◆ EXERCISE GOAL
Reproduce the data below exactly. Skip the pictures.

◆ COLLECTED MATERIAL
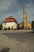 widok ogólny plebanii i kościoła
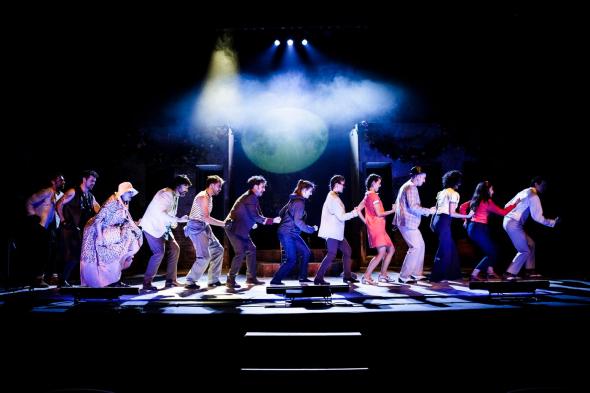 Situación que permite el vodevil, el engaño, el truco, la truculencia, el chiste y la comedia que el director llena de música popular italiana, éxitos del pop del siglo XX. Una música que el espectador conoce bien al haberla oído en la radio o en la tele. Éxitos bailables, coreografiables y cantables, de hecho, dan ganas de hacerlo en las butacas, como si se asistiese a un sing along o karaoke teatral. Por tanto, exige un elenco que sepa decir el verso mientras canta, baila y toca instrumentos. Un elenco joven y lleno de energía, de fuerza, que encabeza Paula Iwasaki como Julia, la Julí o que en italiano se dice Yulí.
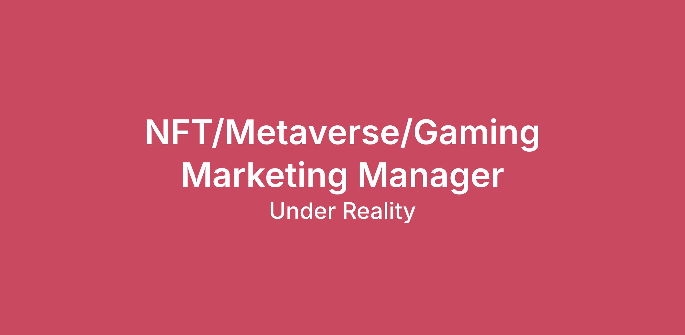 We’re looking for an NFT/Metaverse/Gaming Marketing Manager at Under Reality HeadQuarters in Amsterdam, as of June 1st, 2022. Under Reality is a digital media, entertainment, and technology company that creates stunning, high-quality services.

◆ RESULT OF THE TASK
 widok ogólny plebanii i kościoła
 Situación que permite el vodevil, el engaño, el truco, la truculencia, el chiste y la comedia que el director llena de música popular italiana, éxitos del pop del siglo XX. Una música que el espectador conoce bien al haberla oído en la radio o en la tele. Éxitos bailables, coreografiables y cantables, de hecho, dan ganas de hacerlo en las butacas, como si se asistiese a un sing along o karaoke teatral. Por tanto, exige un elenco que sepa decir el verso mientras canta, baila y toca instrumentos. Un elenco joven y lleno de energía, de fuerza, que encabeza Paula Iwasaki como Julia, la Julí o que en italiano se dice Yulí.
 We’re looking for an NFT/Metaverse/Gaming Marketing Manager at Under Reality HeadQuarters in Amsterdam, as of June 1st, 2022. Under Reality is a digital media, entertainment, and technology company that creates stunning, high-quality services.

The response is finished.